All I wanted was to prove once and for all that gargoyles are not evil. We are protectors, and we would risk our lives to keep the humans safe. The slightest show of gratitude would have been enough for me, but instead, I am repaid with the opposite: insults and half-truths. Is some respect and peace of mind that much to ask for? The very thought of being the hero of the city does not make me feel better, not in a thousand years. I was at the mercy of humans, helpless, writhing in agony all the way to sunrise, staring at the clock all night long, and longing for sunrise to heal my wounds. It was a horrible night indeed, but not horrible in its entirety. Elisa never left my side and she comforted me in my sorrow. My clan also helped me whenever they could, even if they only managed to worsen my condition.

Through it all, nothing on the face of this Earth could make me regret saving those humans, for it feels wonderful to help others, to be of use. I could not ever deny that it warms my heart to know that someone can live to see another day because of my intervention. Not even hearing that some would rather die engulfed in flames before being saved by a gargoyle could make me regret saving their lives. All the suffering I went through and a near-death experience was worth it. I have no regrets.

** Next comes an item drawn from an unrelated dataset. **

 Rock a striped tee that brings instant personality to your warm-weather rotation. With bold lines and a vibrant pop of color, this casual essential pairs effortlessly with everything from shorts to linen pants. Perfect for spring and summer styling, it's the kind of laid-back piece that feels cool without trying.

I was taken to a hospital after almost half an hour of seemingly endless, excruciating agony. I wanted to remain home until dawn, with my family and friends, but my clan refused to let me succumb and pass away. To my surprise, the doctors treated me well. They made things much better for me, both physically and emotionally. I heard no insults and no lies. They kept me alive and out of pain. Perhaps all the kindness was due to the fact that Xanatos paid them a considerable amount of money to make me feel better in every way. I suppose I will never know the answer to that.

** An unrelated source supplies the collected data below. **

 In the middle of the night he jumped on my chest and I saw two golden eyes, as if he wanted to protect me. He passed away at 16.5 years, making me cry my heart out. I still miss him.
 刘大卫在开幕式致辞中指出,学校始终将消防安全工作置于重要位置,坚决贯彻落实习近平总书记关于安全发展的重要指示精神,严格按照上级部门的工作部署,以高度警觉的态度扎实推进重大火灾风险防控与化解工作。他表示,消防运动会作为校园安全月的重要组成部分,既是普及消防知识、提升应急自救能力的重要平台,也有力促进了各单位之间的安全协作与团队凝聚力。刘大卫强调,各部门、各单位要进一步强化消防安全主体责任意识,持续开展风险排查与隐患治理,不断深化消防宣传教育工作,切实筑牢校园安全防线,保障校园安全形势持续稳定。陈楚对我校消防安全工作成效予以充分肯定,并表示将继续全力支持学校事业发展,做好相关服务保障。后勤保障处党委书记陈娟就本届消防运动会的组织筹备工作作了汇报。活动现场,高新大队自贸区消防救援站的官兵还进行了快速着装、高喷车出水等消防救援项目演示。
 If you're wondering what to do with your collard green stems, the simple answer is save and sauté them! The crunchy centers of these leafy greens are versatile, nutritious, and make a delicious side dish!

All I could see were nurses and doctors tending to my wounds in the haze I was in, wrought by pain. My veins and arteries were filled with medicine and sedatives and my body was connected to all kinds of machines and IV bags that supported my life until dawn. I did not know what I was going through and I was confused and even frightened of all the harmful things they could do to me with a knowledge I did not possess.

All I know and that I am sure of is that they fixed everything that was wrong with me. They sliced and drilled into me to reset the bones and stitch all the wounds. I had been dreaming good and bad dreams, but they turned into a dreadful, real nightmare when I regained consciousness. I found myself surrounded by cables, tubes, and machines. I felt miserable, groggy, and disoriented because of the medicine I was given.

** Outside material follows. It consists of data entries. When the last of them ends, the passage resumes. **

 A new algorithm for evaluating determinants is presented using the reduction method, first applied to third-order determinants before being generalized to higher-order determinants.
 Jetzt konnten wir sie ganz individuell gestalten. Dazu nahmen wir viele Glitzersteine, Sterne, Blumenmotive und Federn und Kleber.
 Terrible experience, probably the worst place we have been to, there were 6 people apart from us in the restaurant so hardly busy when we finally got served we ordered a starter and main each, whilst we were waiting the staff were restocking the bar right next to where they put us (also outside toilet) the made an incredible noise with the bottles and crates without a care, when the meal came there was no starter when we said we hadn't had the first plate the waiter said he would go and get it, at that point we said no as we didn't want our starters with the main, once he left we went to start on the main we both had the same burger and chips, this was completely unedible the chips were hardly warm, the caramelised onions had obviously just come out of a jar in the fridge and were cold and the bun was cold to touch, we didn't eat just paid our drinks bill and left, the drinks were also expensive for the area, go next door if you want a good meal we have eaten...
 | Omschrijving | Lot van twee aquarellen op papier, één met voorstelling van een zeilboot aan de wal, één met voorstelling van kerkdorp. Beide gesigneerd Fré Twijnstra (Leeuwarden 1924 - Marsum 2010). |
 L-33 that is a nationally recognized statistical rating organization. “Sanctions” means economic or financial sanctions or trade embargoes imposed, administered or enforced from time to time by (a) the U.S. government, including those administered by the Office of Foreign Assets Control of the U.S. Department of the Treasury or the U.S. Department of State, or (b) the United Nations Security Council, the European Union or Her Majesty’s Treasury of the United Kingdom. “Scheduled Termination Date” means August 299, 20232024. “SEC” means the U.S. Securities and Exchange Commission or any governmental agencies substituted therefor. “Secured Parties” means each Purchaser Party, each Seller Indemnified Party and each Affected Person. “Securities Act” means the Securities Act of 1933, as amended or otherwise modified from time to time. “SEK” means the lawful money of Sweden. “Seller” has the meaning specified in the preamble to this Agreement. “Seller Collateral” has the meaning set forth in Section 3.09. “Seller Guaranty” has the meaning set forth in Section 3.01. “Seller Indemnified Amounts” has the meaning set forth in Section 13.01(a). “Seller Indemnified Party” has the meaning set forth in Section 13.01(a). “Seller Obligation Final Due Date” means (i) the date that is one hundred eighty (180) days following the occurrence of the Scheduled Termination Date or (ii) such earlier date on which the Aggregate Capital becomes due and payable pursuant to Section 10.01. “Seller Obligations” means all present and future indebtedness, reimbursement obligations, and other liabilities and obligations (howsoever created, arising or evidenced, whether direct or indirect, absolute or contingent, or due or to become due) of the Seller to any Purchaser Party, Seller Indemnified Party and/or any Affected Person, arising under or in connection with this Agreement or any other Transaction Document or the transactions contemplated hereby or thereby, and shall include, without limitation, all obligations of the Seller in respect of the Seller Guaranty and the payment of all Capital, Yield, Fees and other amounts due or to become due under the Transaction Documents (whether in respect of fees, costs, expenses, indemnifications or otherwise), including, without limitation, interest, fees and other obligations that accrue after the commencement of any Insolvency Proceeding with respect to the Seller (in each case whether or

I would have been very comfortable if it had not been for the tube that reached into my lungs, ventilating my lungs with precious oxygen. They had also braced my neck, and it was keeping me still. My muscles and bones were aching, though the pain was not as excruciating as before. At first, I hurt so much that I would be paralyzed with pain, but after the surgery, the pain could easily be ignored.

I am sure that the entire world heard about my accident and about my heroic acts to save the humans. Look at the newspapers for example, all of these piled up next to me. I do not know how to react to all of this. Should I be thrilled? I made the headlines of the most important newspapers, and a few even thanked me for saving those humans. Should I be frustrated? Most of the things depicted on them are half-truths, and nearly all of Manhattan believes them, never caring to seek for the truth.